Alexander Bárta (9 April 1892 - January 1945) was a Slovak fencer. He competed for Czechoslovakia in the team sabre competition at the 1924 Summer Olympics.

==Biography==

Alexander Bárta was born in 1892 in Levoča, to a Jewish family. In the civilian profession he was an engineer. He started fencing after the establishment of Czechoslovakia under the leadership of fencing master Šándor Salamon, the founder of the first fencing school in Košice in 1900.

Later, together with his coach, he moved to the KAC Košice club. In 1922, Bárta achieved 3rd place in sabre at the Czechoslovak Fencing Championships in Prague, and a year later in the same competition a respectable 2nd place.
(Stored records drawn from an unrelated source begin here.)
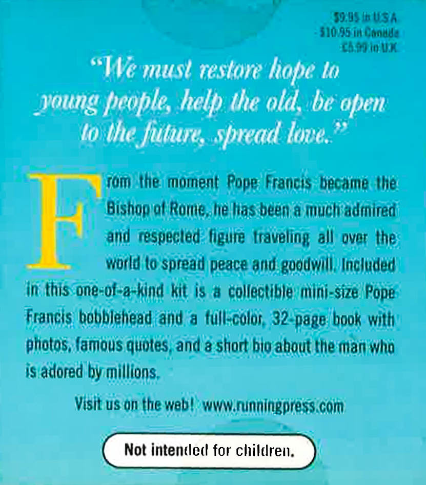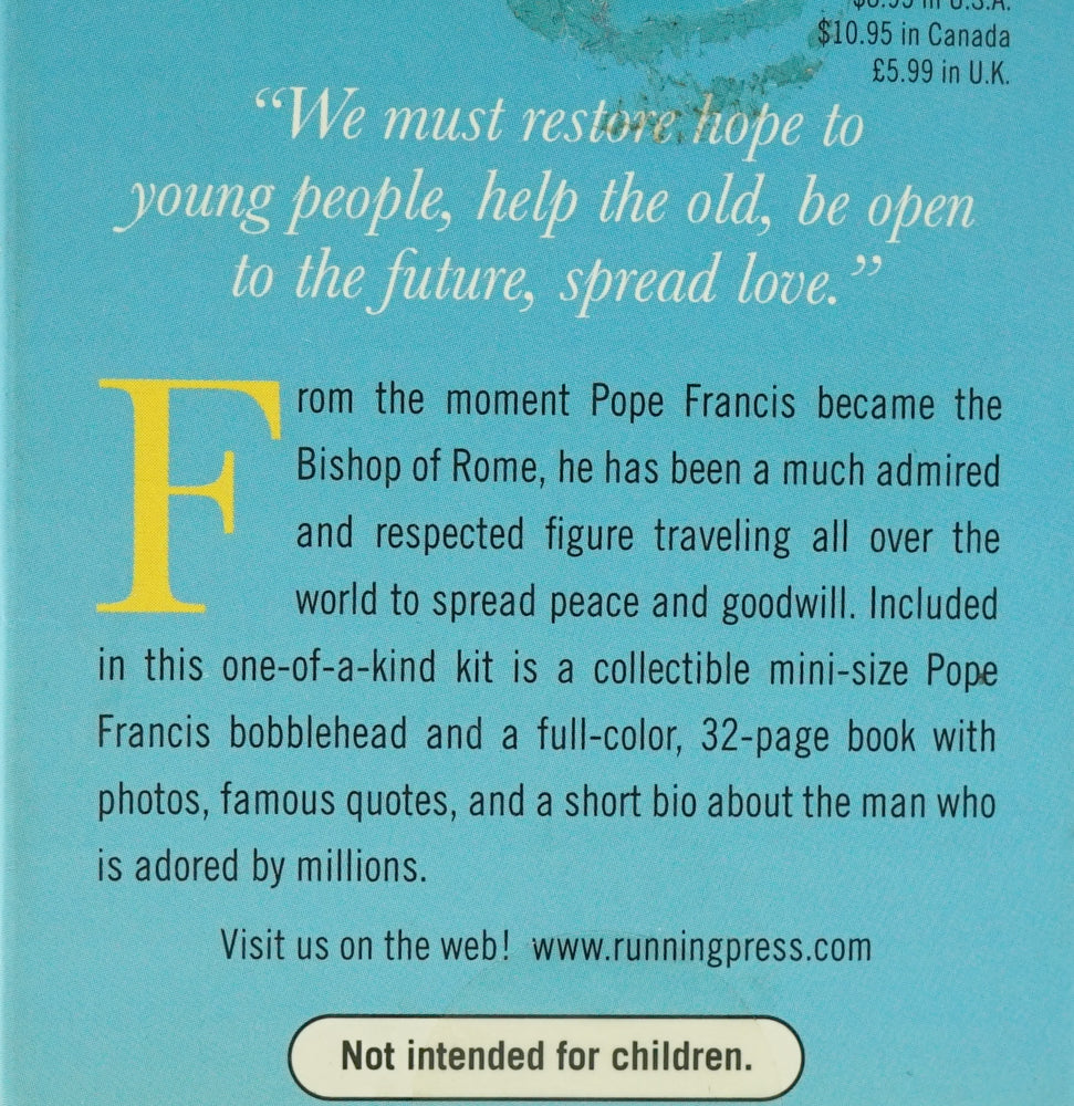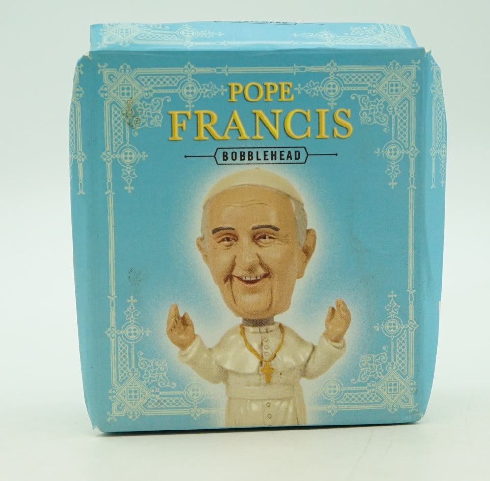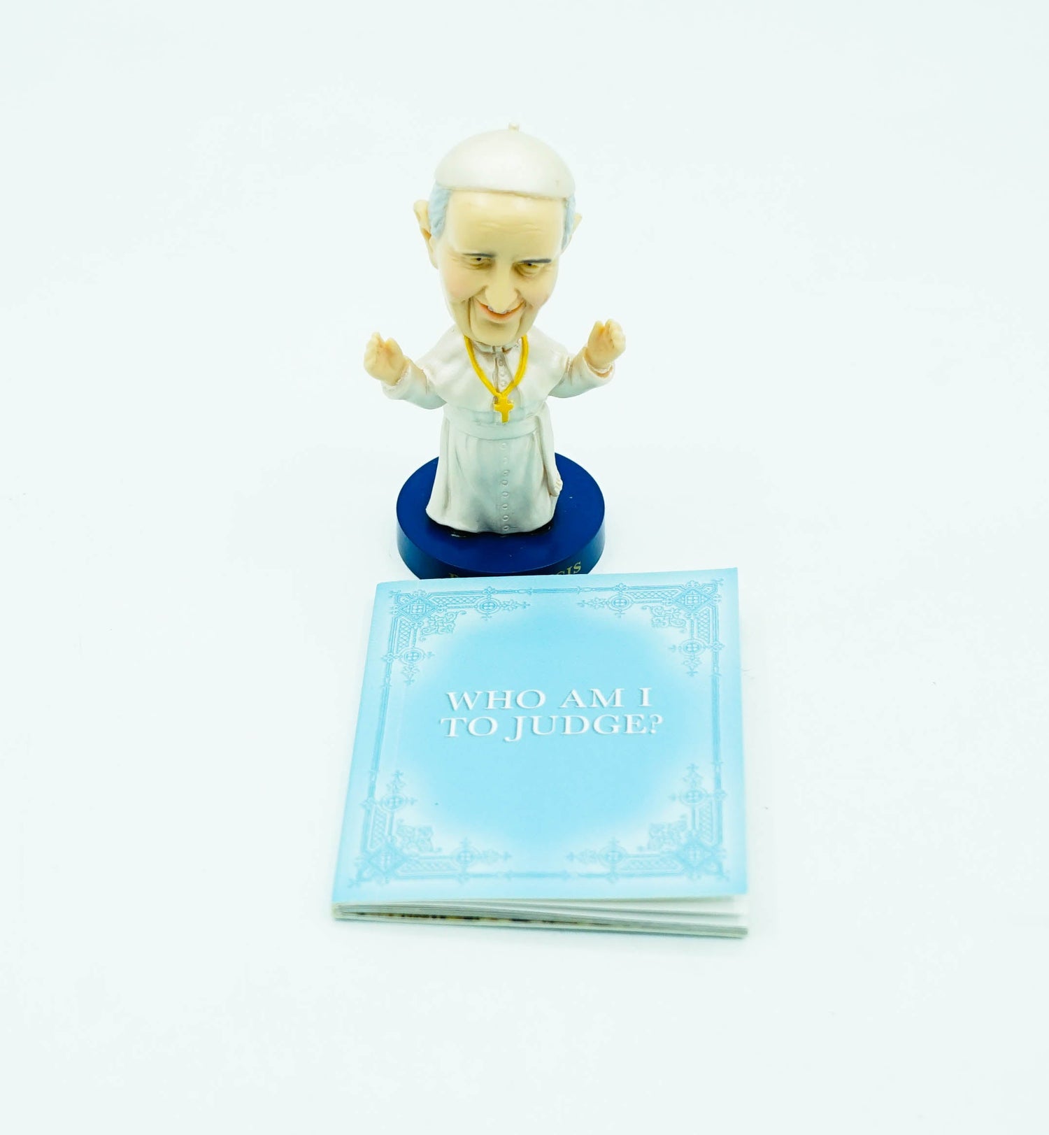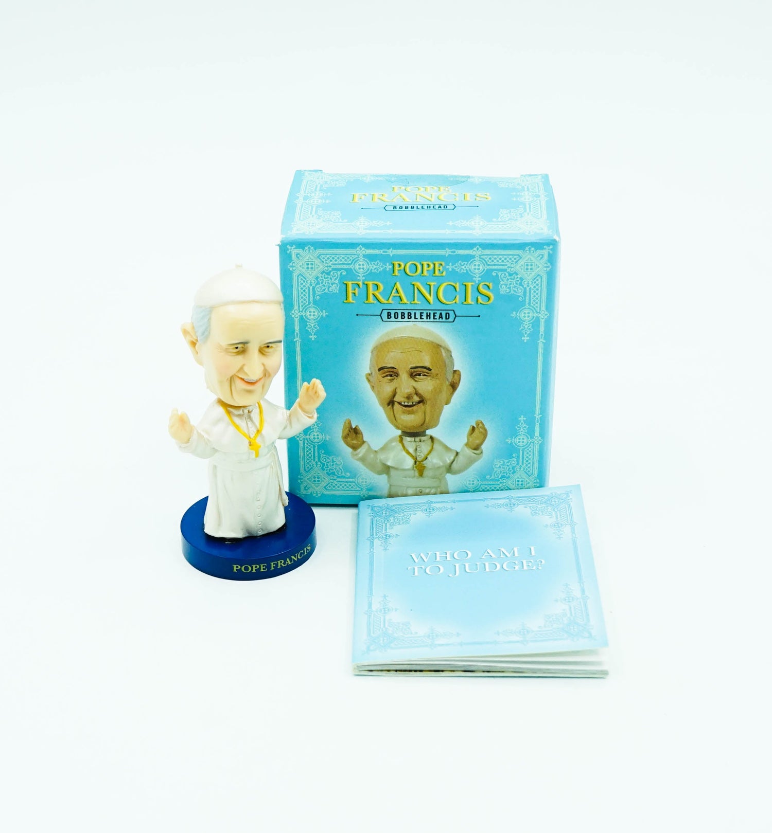 A one-of-a-kind mini Pope Francis bobblehead! From the moment Pope Francis became the Bishop of Rome, he has been a much admired and respected figure traveling all over the world to spread peace and goodwill. Included in this kit is a collectible mini-size Pope Francis bobblehead and a full-color, 32-page book with photos, quotes, and bio about the man who is adored by millions.
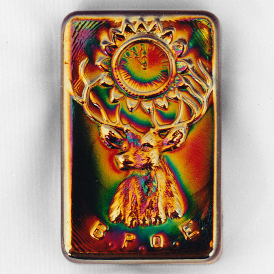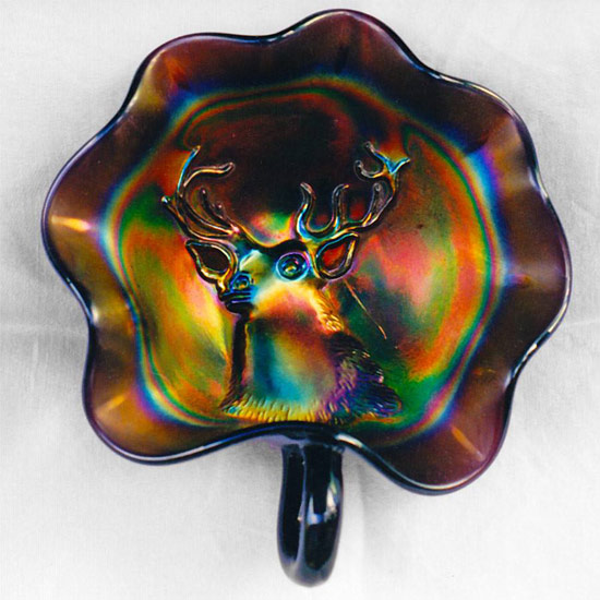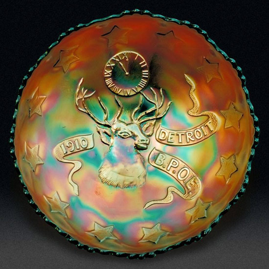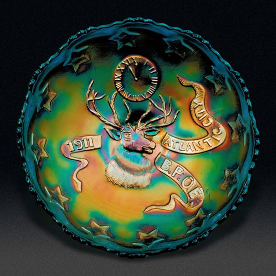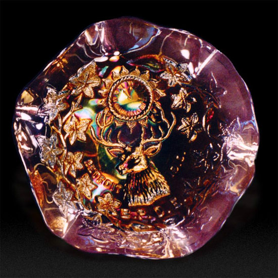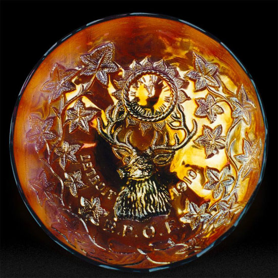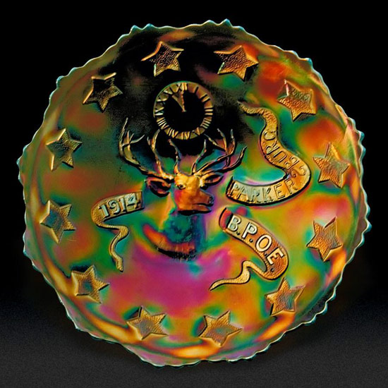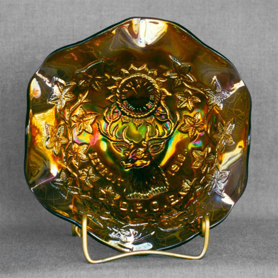 ![]() For the 1910 Grand Lodge Convention, the Fenton Art Glass Company produced several pieces (bowls in multiple colors and a known green plate.) Pictured below are the amethyst ice cream shape (ICS) bowl and the amethyst ruffled bowl. From this year, the green plate and the marigold bowls are highly valuable if you can find them. Interestingly, Millersburg also produced an amethyst bowl for this event which is more valuable than the Fenton one (and is known as the "two-eyed elk" because a second eye is seen on the pattern for the elk.)
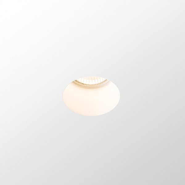 Mavčna svetilka s krožno odprtino in brez okvirja. Možnost barvanja z barvo interjerja. Samo za nameščanje v mavčno ploščo.
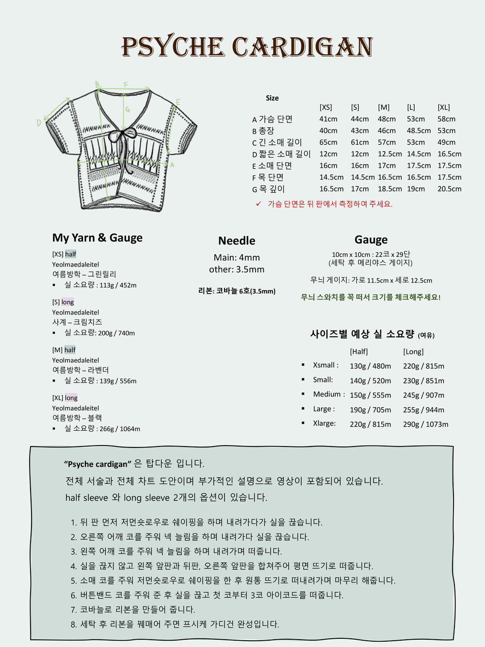 1. 머쉬룸 디자인 에서 프시케 가디건 도안을 먼저 구매한다.

At the 1924 Olympic Games in Paris, a team consisting of Jungmann, Dvořák, Bárta, Oppl, and Švorčík took 4th place in sabre fencing. In the 1920s he was the best fencer in Slovakia, and one of the best in all of Czechoslovakia.

He was killed in 1945 in Hrabušice, just before the end of World War II. He did not manage the tense situation in hiding and voluntarily surrendered to the Wehrmacht, who executed him. Later, the surviving family transferred his remains to Levoča.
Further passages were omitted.